Bringing Out the Dead

My neighbours across the street are installing cobwebs on their house. They have a large spider web draped over their front yard tree, and an inflatable green spider. They also have three ghosts. These ghosts are recognizable as such because the are draped head to toe in white sheets. I’m not sure where this visual shorthand for ghosts began. I suppose it has to do with the winding sheets used to bury the dead. I do see the theme my neighbour is after: an abandoned and decaying mansion overgrown and crumbling, visited by the spirits of the former residents. It’s sort of like the opposite of ‘staging’ your house for sale—making it look decrepit for Halloween.

            It brings to mind a scene I remember from a movie I saw as a kid: people are sitting around a warm fire in a beautifully draped and furnished living room. Slowly the colour drains out of the room, revealing a grey and desiccated shambles overrun with spiders and vermin. The ‘people’, apparently, were ghosts, and they saw their surroundings as they were in life: warm and comforting. We who ride the moving sidewalk of time see the room for what it is now—abandoned and creepy. 

            My neighbours, it seems, are playing the same game, evoking the slow dissolution caused by time by draping their well kept suburban house in the trappings of death and decay. It sounds weird, until you realize the whole neighbourhood is caught up in this business. My local community is overrun with skeletons, coffins, zombies and sundry ghouls. It’s coming up to Halloween, the marketing season between Thanksgiving and Christmas. I can’t blame the retailers for this frenzy of dolorous decor completely though. A festival of this sort has been around for centuries in various cultures, and we seem to like it. Think the Mexican ‘Day of the Dead’. 

            I notice from the local news that some people have taken things too far, swinging hooded corpses from their trees. That’s getting a touch too close to the kind of reality we deal with on the nightly news. It’s good to know that there is a line that mustn’t be crossed, although, as I pass figures emerging from fresh graves in my neighbour’s petunia patch, it’s hard to tell where that line might be.
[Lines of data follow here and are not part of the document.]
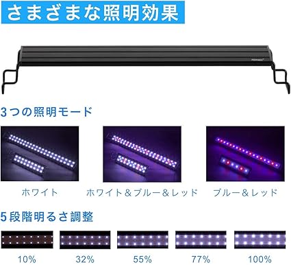 【明るさ調整可能】水槽用照明ライトはホワイト・ブルー・レッドの3種類の色の32個LEDビーズがある、3つの照明モードの変更で、魚、水草、水の究極の美しさを実現できます!また、5段階で光の明るさを調整できます。さ
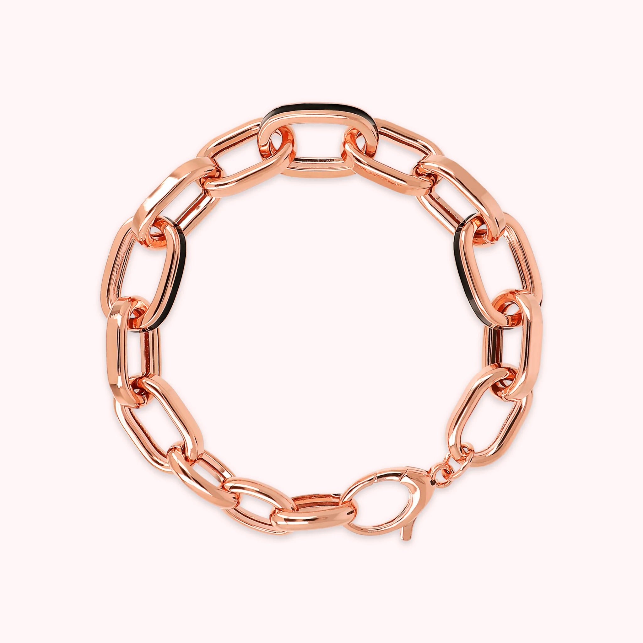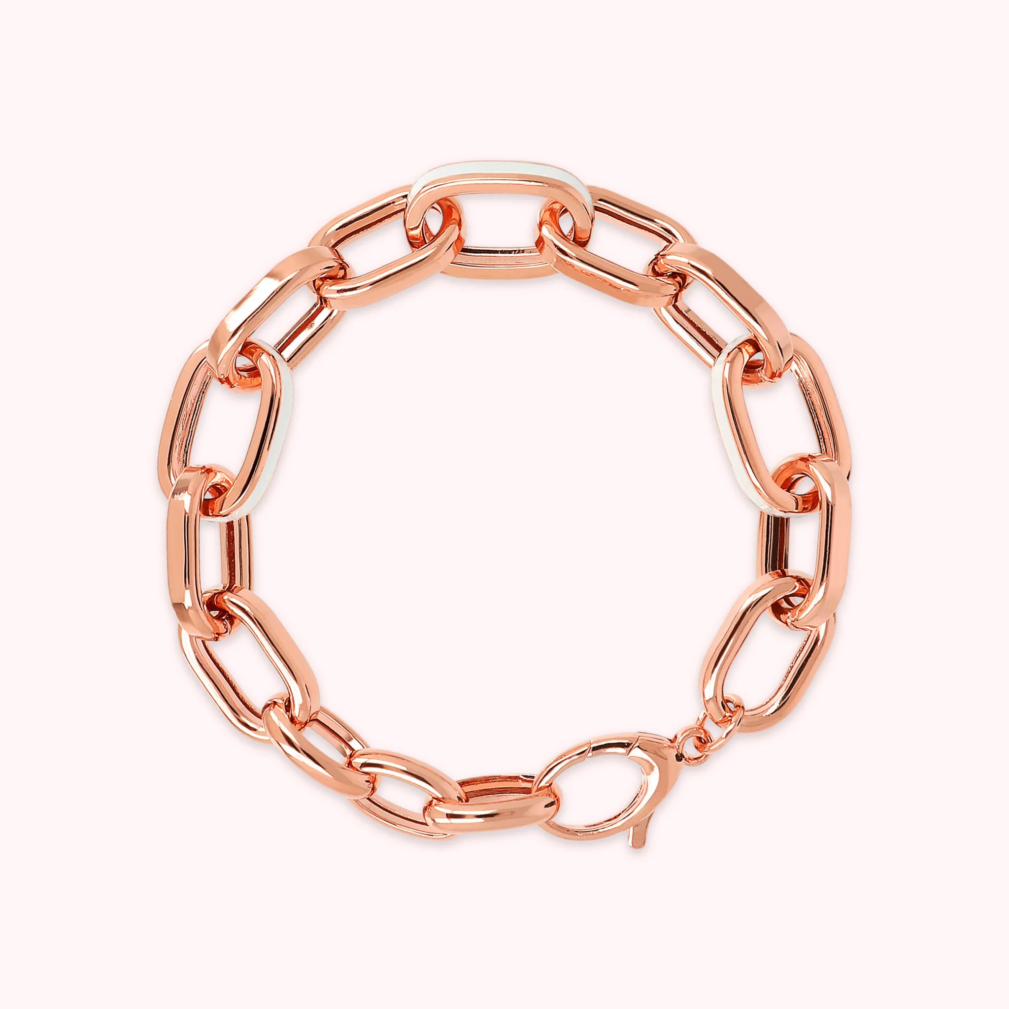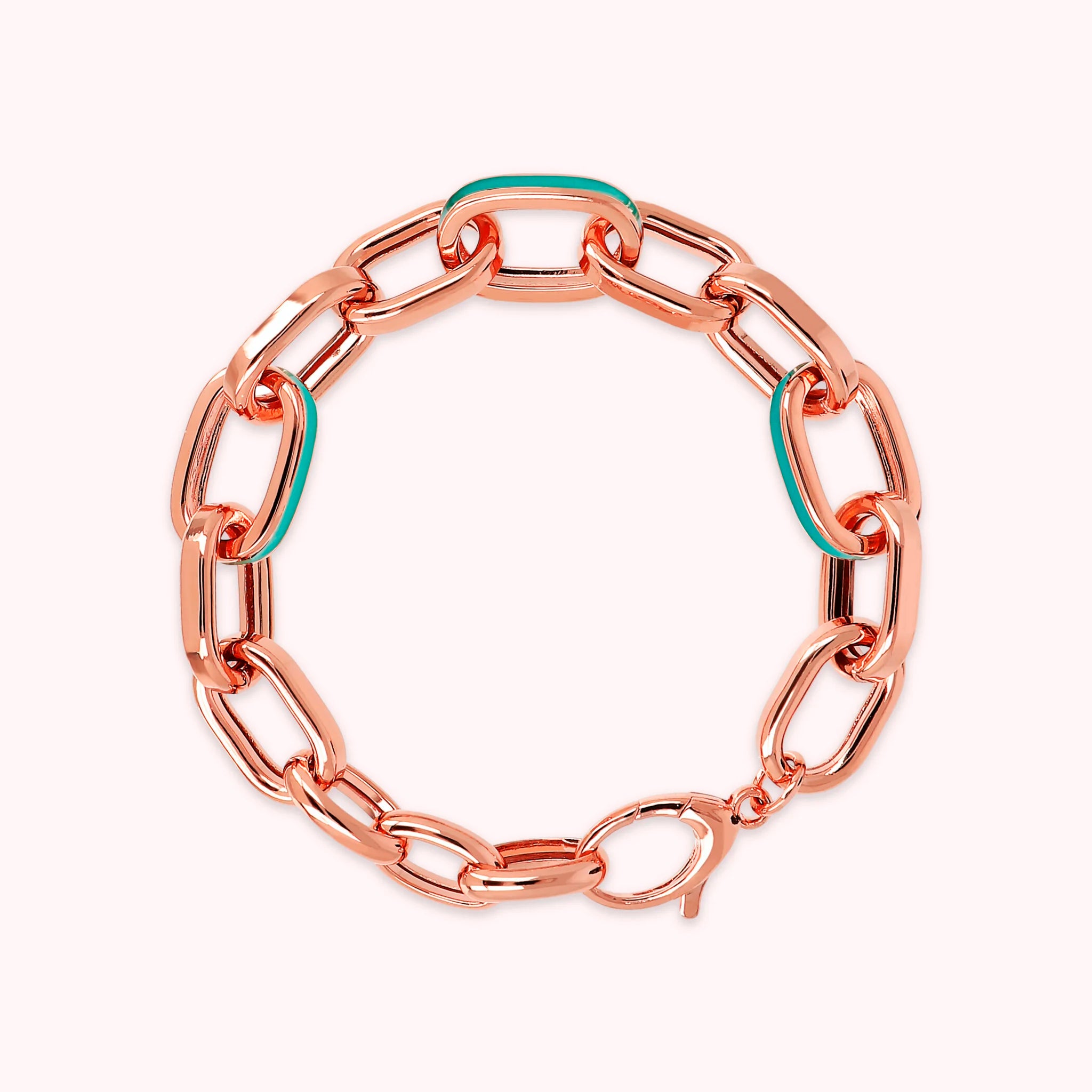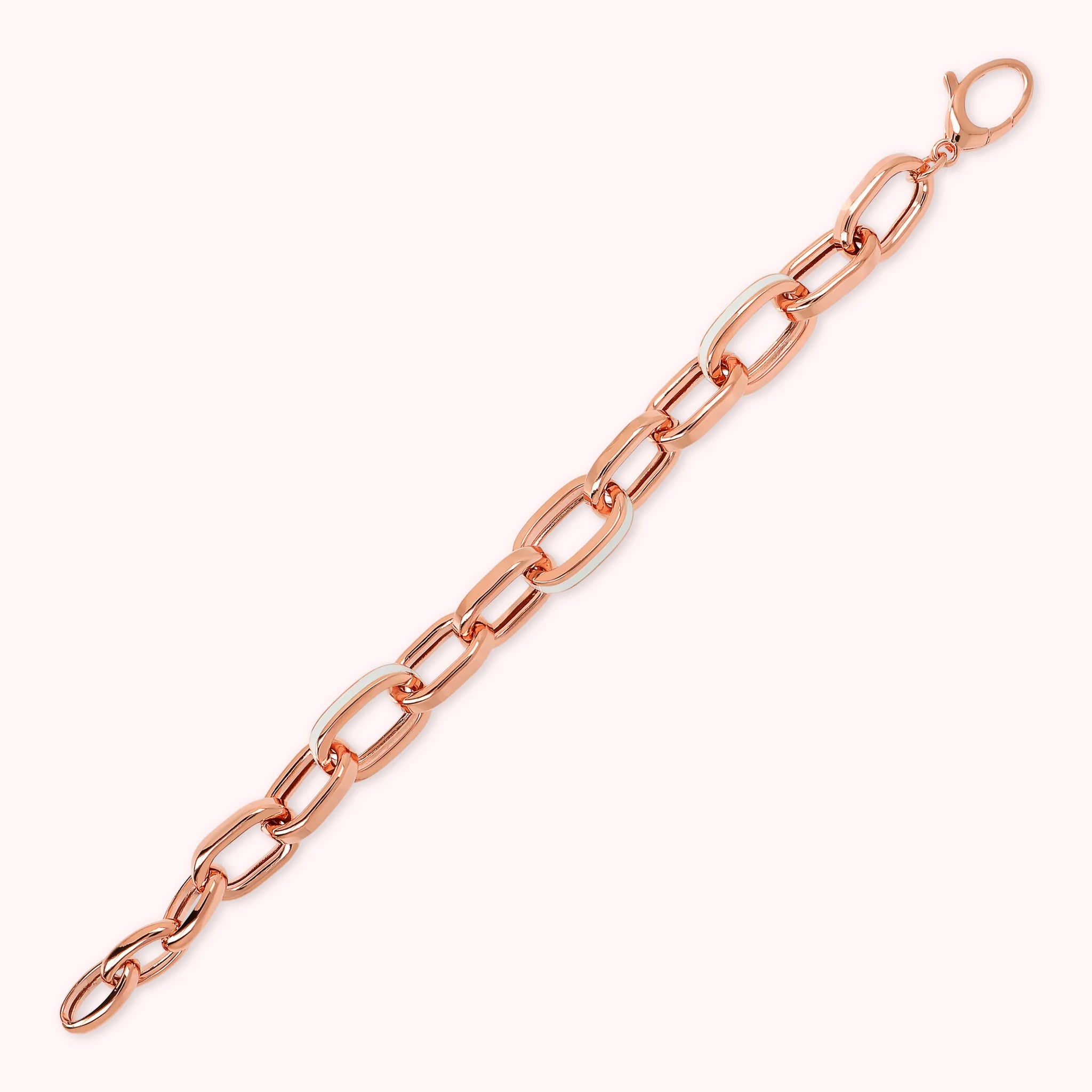 Bracciale Bronzallure realizzato in lega Golden Rosé, placcato oro rosa 18kt con maglie ovali allungate, alternate a maglie smaltate. Pratico da indossare con chiusura a moschettone.
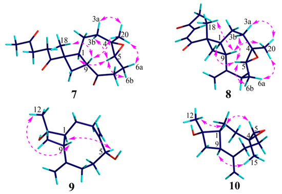 Key NOESY correlations of compounds 7–10.

            The decorations seem to suggest a nightmare. We all have dreams, and some of these are disturbing. There’s not much we can do about this, so we theorize that dreams have value. Perhaps they prepare us to deal with the terrifying realities of daily life. Or perhaps, as Aristotle would have put it, they are a form of catharsis—a purgation of emotions that makes us more civilized.

            Speaking of purgatives, we have our store of Cheesies and Gummies ready for the kids. And this year they will probably be brave enough to approach our doorstep without a mask—except for…well, you know, the costume kind. I kind of liked it when, pre-pandemic, we could present them with a tray of treats and see their green and purple faces up close. I used to stick an old McDonald’s cup-top shaped like Darth Maul in the middle of the tray. I liked the way he looked like he was fighting his way out from under a landslide of chocolate.

            Soon I’ll have to face one of the true horrors of the season—raking up the yellow leaves deposited all over our back yard by our maple tree. Our tree, by the way is a kind of changeling itself. We bought it as an exotic Harlequin Maple with variegated green and white leaves. The poor thing took one feel of the hard Burlington clay soil and gave up on trying to be exotic.  Thereafter it mysteriously turned itself into an everyday green-leafed maple, and we haven’t seen a touch of white on the leaves since. It was quite a trick, like a werewolf morphing into Lon Chaney Jr.  Okay, not so much—but when the leaves turn in the fall, they are a really spectacular yellow against the blue sky. They look pretty darned exotic, actually. Now the yellow carpet is on the ground and the tree is skeletal and dead-looking. Time to put out the plastic pumpkin. Next step? A shroud of snow.           

2 thoughts on “Bringing Out the Dead

  1. Great writing Doug as always. You make me see the neighbours yard. Reminds me of our area at the moment: over the top decorating. I love reading your blog!